Hong Kong is moving tokenized bonds from proof-of-concept toward market plumbing. The key issue is no longer the technology alone, but whether legal, custody, settlement, and trading rules can support repeat issuance at institutional scale.

Why Do Major Banks Matter in This Process?

The inclusion of large banks gives the group practical weight. JPMorgan Securities, HSBC, Standard Chartered Bank, and UBS bring experience in issuance, distribution, custody, compliance, and secondary market operations. Those functions are critical because tokenized bonds will not scale through blockchain infrastructure alone. Tokenized debt products need the same market assurances as conventional bonds: clear ownership records, reliable settlement, enforceable investor rights, regulatory reporting, liquidity channels, and operational resilience. Banks also need to know how these products fit into existing risk, capital, and compliance systems before supporting larger volumes. Digital asset firms add a different layer. Ant Digital and HashKey Group can contribute infrastructure, tokenization design, wallet and custody models, and blockchain-specific operational experience. The mix of traditional finance and digital asset firms shows that Hong Kong is trying to build a hybrid model rather than leaving tokenized bonds entirely to crypto-native platforms. HashKey Group chairman and CEO Xiao Feng said scaling tokenized bonds is not only a technology issue. “Scaling up the commercial adoption of tokenized bonds is not merely a matter of technology implementation, but a systematic undertaking that requires the coordination of legal and regulatory frameworks, underlying infrastructure and the broader industry ecosystem,” he said.

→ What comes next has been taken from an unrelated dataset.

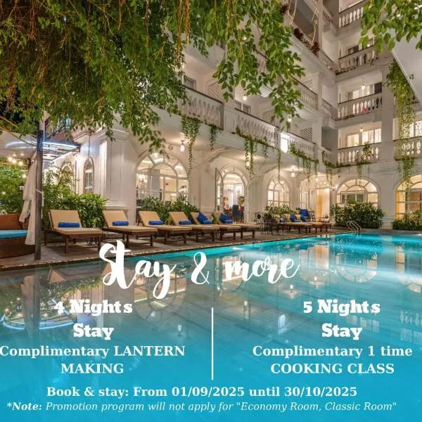 Shining Riverside Hoi An Boutique & Spa has an outdoor swimming pool, fitness centre, a garden and shared lounge in Hoi An. Among the various facilities are a terrace, a restaurant, as well as a bar.

How Does Hong Kong Compare With Other Markets?

Hong Kong’s push is part of a wider global effort to bring bonds and other real-world assets onto blockchain-based systems. In the US, the Depository Trust & Clearing Corporation has launched a limited pilot to place representations of US Treasury securities held by its depository subsidiary on blockchains. Other Asian markets are also testing similar infrastructure. In South Korea, Ripple has partnered with Kyobo Life Insurance to enable tokenized government bond transactions. In Japan, Japan Securities Clearing Corporation launched a trial in April with Mizuho, Nomura, and Digital Asset to test blockchain-based collateral using Japanese government bonds. The common theme is that tokenized bonds are being tested first in areas where existing market infrastructure is deep, regulated, and institutionally controlled. That reduces the risk of tokenization being treated as an offshore crypto product and instead frames it as a modernization of capital markets operations. For issuers and investors, Hong Kong’s expert group could help define whether tokenized bonds become a practical funding and settlement tool or remain a series of high-profile pilots. The commercial case will depend on whether tokenization reduces issuance friction, improves settlement speed, supports multi-currency flows, and creates stronger transparency without adding compliance complexity. The formation of the group shows that Hong Kong is trying to answer those questions before the market grows too large for fragmented rules. If the framework works, tokenized bonds could become one of the clearest institutional use cases for blockchain in the region’s capital markets.